Jay, you complain about conservatives having biases that blind them. While you may well have the right position on this for society as a whole, when you complain about guns enabling suicides, or people killing people with knives as a reason for gun control (as you did a few weeks ago regarding an incident in Wyoming — my backyard where guns are common), you jump the shark and lose credibility. I think we need more gun control and better enforcement of existing laws. Stick to the strong arguments and don’t throw in the weak ones and the silly ones. It weakens your case and makes you seem biased in a way that is easily dismissed. “Jay Lake uses a knife attack to argue for gun control…Liberal stupidity on display again!” was probably on some conservative’s link salad somewhere. So all I am saying is stick to the best arguments. I’m not sure you have done that uniformly above.
thank you for putting this so rationally and thoughtfully. I agree with you 100% but have never been able to put it into words as eloquently as this. I would like to see all privately owned guns banned. Let shooting ranges have them if people must go shoot something, they can blast away at a target. Maybe they can make an exception for single shot rifles used only for hunting…
“If you’re a gun enthusiast, you own those deaths as surely as the sun rises in the east”–@jay_lake http://t.co/RPNRbhiq #clackamasshooting
@eroticawriter @jay_lake what a load of BS. but hey, nice of you to be spreading the hate around
@eroticawriter @jay_lake Then if you write literature, then you own hate speech as well, right?
@Adventurotica We both write genre fiction, not considered literature. Most hate speech isn’t even literate never mind literature @jay_lake
About 15 years ago, someone with a gun lay in wait for another person who happened to be passing down the street on which I live. The shooter didn’t care that there were houses in the line of fire. He (I feel pretty safely non-sexist in assuming the shooter was male) didn’t stop to think that it was 8:00 pm so there were people in the houses. He didn’t care that some of his bullets might not go into his intended victim (as far as we know, none of them went in his victim).

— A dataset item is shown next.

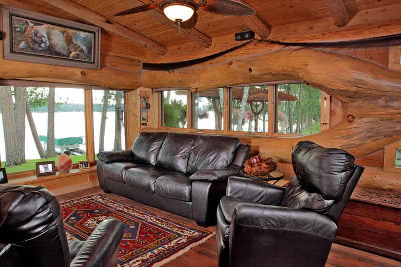 The most eye-catching thing about a 130-year-old, slingshot-shaped log that is fixed along the family room wall, acting as a frame for a bank of four windows may be that exotic feature. This remarkable piece of wood not only adds a dramatic touch to the room but also nicely frames the amazing view of the lake.

One or possibly two shots entered our house. Fortunately we heard some shots before that didn’t hit the house and we hit the deck, so the only injuries were a scraped elbow and some minor damage to the house. The police showed us where the shooter had fired from and it was clear this individual didn’t know how to handle a gun at all. There were bullet scores on our neighbors tree quite high up, and shell casings all over the ground next to a house occupied by a family with kids.
I definitely feel that more restrictive gun ownership legislation would have prevented this asshole from going out to conduct his petty exercise in such a thoughtless way. I also remember how my first husband, a diagnosed schizophrenic, was able to walk down the street to a neighbor’s house and buy a gun (this was in Texas).
I’d be a lot happier and feel a lot safer if only law enforcement, military, and a few national parks personnel had legal access to firearms of any kind – and even theirs should be carefully monitored so they couldn’t take out their service weapons and use them on other people outside of the conduct of their duties. Think of how many less police shootings there would be if the police didn’t have to assume an object in a suspect’s hand is a gun.
“Shut the fuck up. People died. Because of guns.”